I know that people who have read my work will know this stat by heart by now, but the NDP tossed Mulcair in 2016 because he had the temerity to only win 28 seats in English Canada and only hold 16 Quebec seats. Even writing off the 15 Quebec seats that the NDP have lost, Jagmeet has gotten less seats than Mulcair. Not once. Twice. In 2019 he won 23 seats in English Canada + Boulerice, and then won 24 + Boulerice in 2021. Both times, worse than what Mulcair managed. And yet he stays, poisoning the well of Canadian politics again and again.

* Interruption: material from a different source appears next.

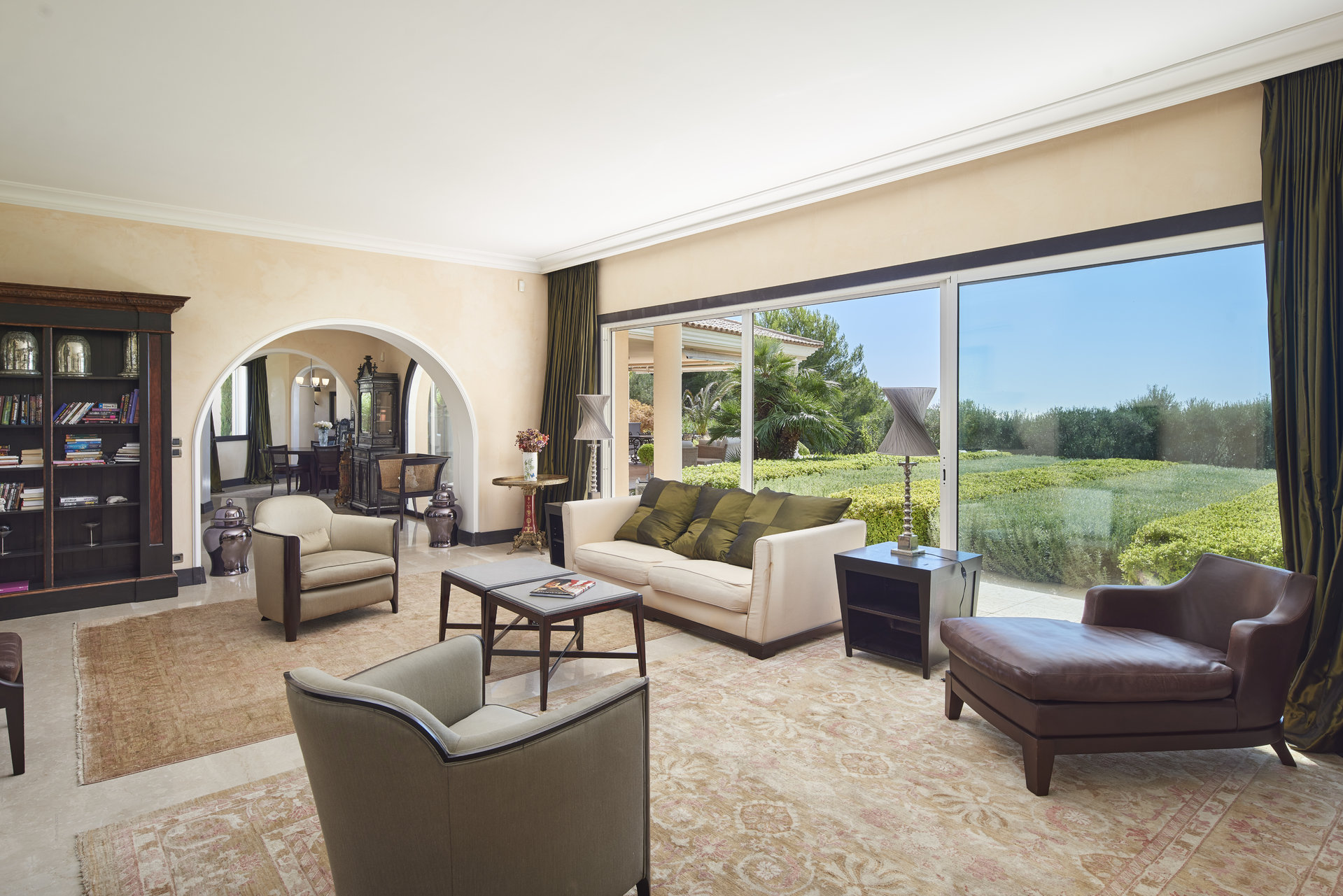 - Large living room with fireplace, opening onto a terrace.
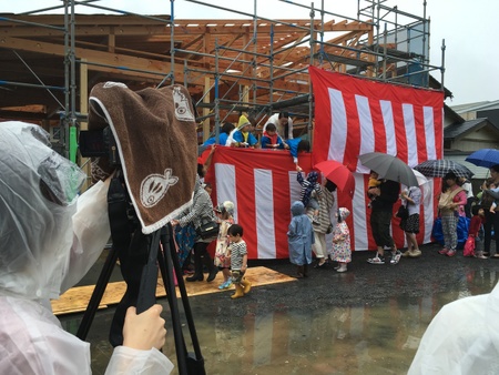 雨でしたが、昨日は入社して(約7ケ月で)3度目のお餅投げ。

I used to say my distaste for Singh was merely professional, but it’s not, and it never really has been. I’m sure he treats his kids fine and whatnot, but it is personal. I am personally offended by the utter catastrophe that is his leadership of the NDP. I am offended by the 2 years of lying about a government only alive because of your vote. I am offended by the fact that Jagmeet Singh is so willing to casually lie to the Canadian people. And I’m offended that so many fucking New Democrats tolerate the intolerable, both in form and in results.
For all of Singh’s histrionics, he ripped up the Confidence and Supply Agreement because he’s polling badly and he did this because he’s polling badly. He doesn’t actually believe the carbon tax hurts the poor and middle class, because if he did he’d have used his leverage to fix it. We know from his complete refusal to advocate for a new taxation and subsidy model that he knows what everyone else knows, which is that the economic benefits of the carbon tax go down the higher up the income scale you go. He knows this. For the character he plays in front of the cameras, he’s not actually braindead stupid. And yet, he’s willing to debase himself to try and get the 15% in Leger or the 16% in Ipsos back up to 19%. Frat hazings are less pathetic than Jagmeet’s ritual humiliation, mostly because at least a frat hazing means you actually get the thing you want at the end of it.
Jagmeet’s Carbon Tax capitulation won’t save the NDP seats. It won’t advance progressive causes. It won’t make the air easier to breathe. It only serves as a reminder of how far the NDP have debased themselves with a pathetic, sorry excuse of a leader, a puppet to Poilievre, and a disgrace to every cause he claims to care about.
And the worst part is I knew it before I voted for his party. It is one of the great regrets of my life that I used such a precious gift on such a dishonourable party. Don’t make my mistake again.
Singh has had a longer tenure as NDP Leader than Mulcair did because he did a better job in managing expectations: the party expected to form government under Mulcair, but the party under Singh only expected to maintain a rump of seats. Of course, how low expectations became so tolerable is the core problem now at hand...
I could not agree more. How it is that Jagmeet Singh has managed to keep the leadership of the NDP is profoundly baffling.